The Federal Assault Weapons Ban of 1994 is captured almost perfectly by this simile. No doubt the NRA took note of this and studied it, before flipping it to produce their perfect lie: oh, those slopes are horribly slippery, and they tilt disastrously towards gun grabbing and tyranny.
Don’t fool yourself: the gun lobby is willing to give up precisely nothing. They do not negotiate. This disingenuous conceit — this slippery fiction — allows them to justify the most extreme form of intransigence. Note how it works: “If we give up even a nanometer of gun rights, that’s it: we’re on an infernal toboggan, sliding into that hell where all guns are banned. Hence? We give them nada.”

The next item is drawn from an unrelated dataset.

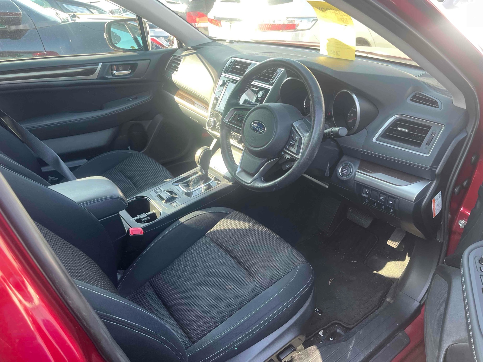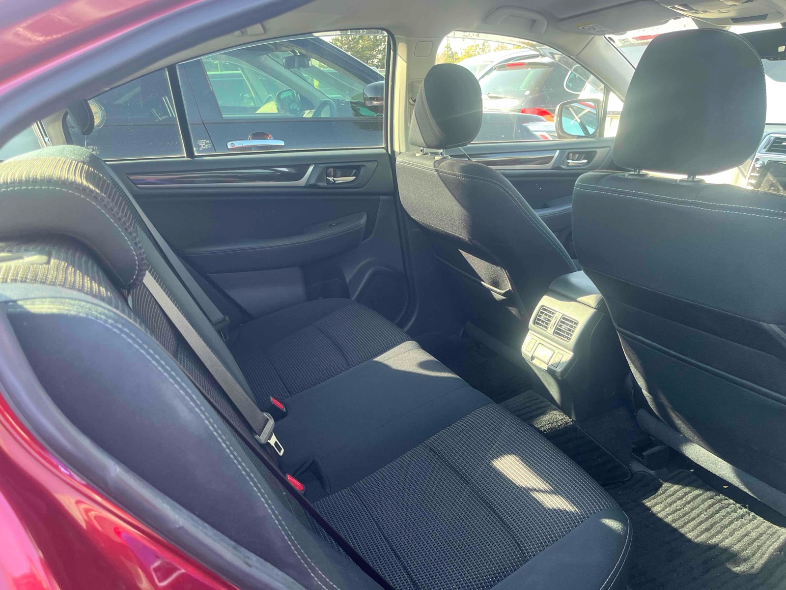 Discover the 2017 Subaru Legacy. This sleek red car offers a smooth driving experience with its automatic transmission and flexible 4WD. With its spacious interior, you'll enjoy comfort on every trip. Stay safe with multiple airbags, an advanced anti-lock braking system, and fog lights for better visibility. The Legacy's anti-theft feature keeps your car secure. The air conditioner and power windows add to your convenience. Take advantage of clever design features like foldable rear seats for extra space. The electric seat and wood panel interior give a touch of luxury. Experience reliable style and performance with the Subaru Legacy today.

It is an apparently reasonable argument, and it serves to crank up the jittery will of paranoid extremists.
The NRA feeds its members on a steady diet of fear. Responsible gun owners don’t swallow this: most of them have long favored practical gun control; they are important allies in this battle. Yes, many belong to the NRA, but they do not buy into the gun-grabber paranoia. The NRA plays, therefore, to the members that do: the armed and timid. If you can manipulate these people so that they always feel cornered, then they will always behave like cornered rats. That is how you make the terrified truly dangerous.
Hence, the NRA has good reason to favor this slippery metaphor. It is elegant propaganda: simple, scary and targeted: nobody wants to occupy dangerously tilted terrain, especially if they’re already off-kilter. Never mind that it is sane, decent citizens who stand on this carefully snake-oiled slope, and who slide — every single time — into the hell that is Columbine, and Virginia Tech, and Aurora, and Sandy Hook.